Tasker app to play appropriate sounds for every part of the day. Also few volume levels with night volume being the lowest. Sounds are native Indonesian rainforest recordings for each time of the day.

*Video surveillance. *










Used 2 UBNT 720p dome cameras, connected to the same Ubuntu server that runs automation service. Accessible over the internet, recording 24/7.


----------



## Salazare Slytherin (Oct 21, 2009)

That looks awesome. :no1:


----------



## Stiffy (Feb 19, 2014)

So many parts of this are totally overkill, but in the best way possible XD

Really cool build though, and the enclosure looks great. I have always wondered just how automated you could make an enclosure to make life easier, and I'm willing to bet that short of adding an automated feeding system, this is probably the end point of that train of thought. 

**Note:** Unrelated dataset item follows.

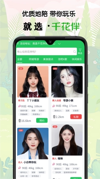 千花伴是一款功能全面的旅游陪玩应用,平台汇聚了大量专业陪玩用户,用户可自主搜索附近的陪玩伙伴,支持一键线上预约,轻松享受贴心又愉悦的旅行服务。陪玩类型十分丰富,无论是旅游出行、美食探店还是休闲娱乐等场景,都能找到专业的陪玩搭档,充分满足个性化的娱乐需求。此外,应用会不定期推送各类活动,用户可实时关注活动动态,便捷预约玩伴,让生活更添乐趣;陪玩订单详情清晰展示,用户能随时查看服务进度,及时获取服务体验,感受安心又舒心的生活服务。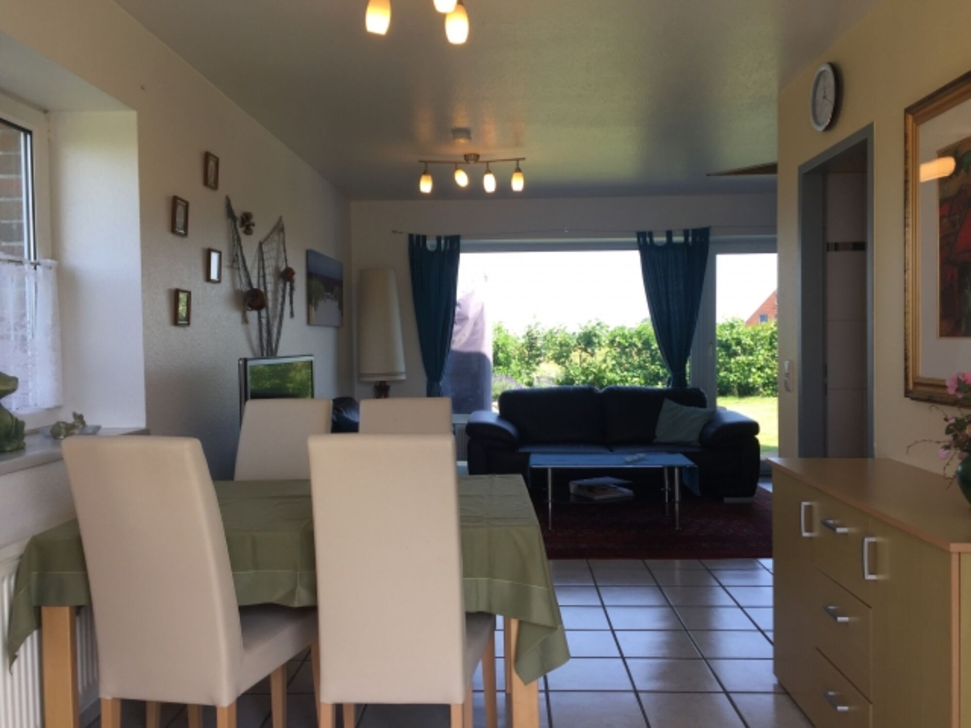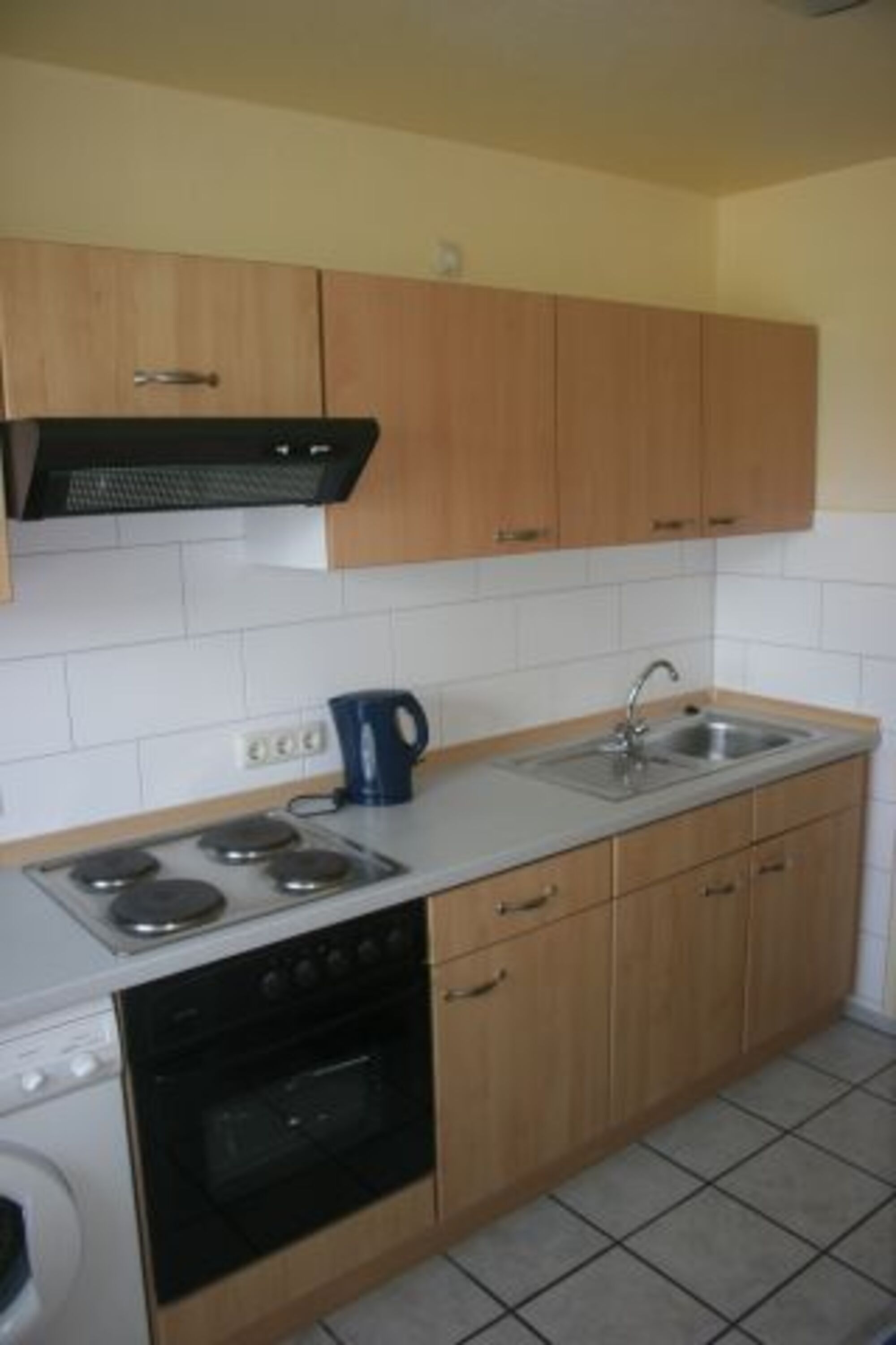 Im EG ist ein Wohn/Essraum mit SAT-TV, Stereoanlage mit CD, DVD-Player und ein Gäste-WC, eine kompl. eingerichtete Küche (4-flam. Herd/Backofen, Kaffeemaschine, Toaster, Mikrowelle, Espressomaschine …) und eine kostenlose Waschmaschine.

Particularly like the little water spout in the bath, the monitor looks like it loves it there.


----------



## Sid85 (Dec 18, 2012)

This is amazing. I'd love to make something like this.


----------



## demon3000 (Nov 23, 2013)

Wow...looks great well done


----------



## chrisleigh1 (Oct 7, 2015)

Thanks for sharing , and the idea for the in-line water heater


----------



## Team Reptiles (Mar 5, 2012)

Wow!!!! the lighting controlled for different light levels and the raingforest sound system has just blown this build out of the water! Sir, you have most certainly won best homemade vivarium ever!: victory:


----------